This is also an interesting question. First of all we need to understand something in general.

If G is a finite group and H Δ G. So Consider the quotient group G/H.

Observe the following!

- Lemma: If G ≈ H x G/H , then G/H is isomorphic to a normal subgroup of G. [Consider the projection homomorphism of G to (H,1) which contains G/H as the kernel.]
- But in general G/H is not even a subgroup of G.

We will illustrate this by giving a simple example.

Hint 2- Naturally we took the group (Z,+) and we know all the subgroups of Z are nZ ,which are normal subgroups as Z is an abelian group.
- Consider the quotient group Z/nZ.We know that this is not even isomorphic to a subgroup of Z.
- Hence comes our counter-example.
- G=Z, H=7Z. G/H =Z/7Z. But G is not isomorphic to 7Z x Z/7Z as Z/7Z is not isomorphic to a subgroup of Z.
- Hence the answer is False.

- But we will give an example where the given statement is also False.
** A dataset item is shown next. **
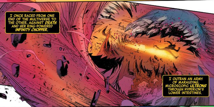 La Héroes renacidos El universo es un mundo de Marvel como ningún otro. Los Vengadores dejan de existir, ya que los héroes más grandes han seguido caminos diferentes: Thor se convierte en un Athiest bebedor, Black Widow se une a un equipo de villanos junto a Hawkeye, mientras que Hulk es desterrado a la Zona Negativa después de perder el control por primera vez (lo haría luego ser asesinado). Los nuevos héroes a cargo son el Escuadrón Supremo, que originalmente se basó en la Liga de la Justicia de DC. Uno de esos héroes, Blur, es el pastiche de Flash de Marvel. Se revela que Blur se ha enfrentado a algunos villanos increíblemente poderosos, incluido el Death con poder de anillo que usaba un Infinity Chopper.

- Consider the Dihedral group on n elements \(D_n\) as a subgroup of O(2) [The orthogonal group in $R^2$.] There is a homomorphism (Determinant) from O(2) → {-1,1},whose kernel is SO(2).
- Hence consider the homomorphism from \(D_n\) → {-1,1} formed by the composition of inclusion homomorphism and the determinant homomorphism.
- Observe that the Kernel of the above defined homomorphism is the Rotation Group of angle 2 π /n and the Quotient Group is the Reflection Group around a specific line(?)[Which is essentially Z/2Z.]
- But observe that Dn is not isomorphic to Rotation Group of angle 2 π /n x Z/2Z .[As there is an interaction between rotation and reflection. \(ref.rot.ref=rot^{-1}\) .]

- Prove that the finite subgroups of the group of rigid body motion are only

- Rotation Group of Angle 2 π /n for all n in N.
- Dihedral Group \(D_n\)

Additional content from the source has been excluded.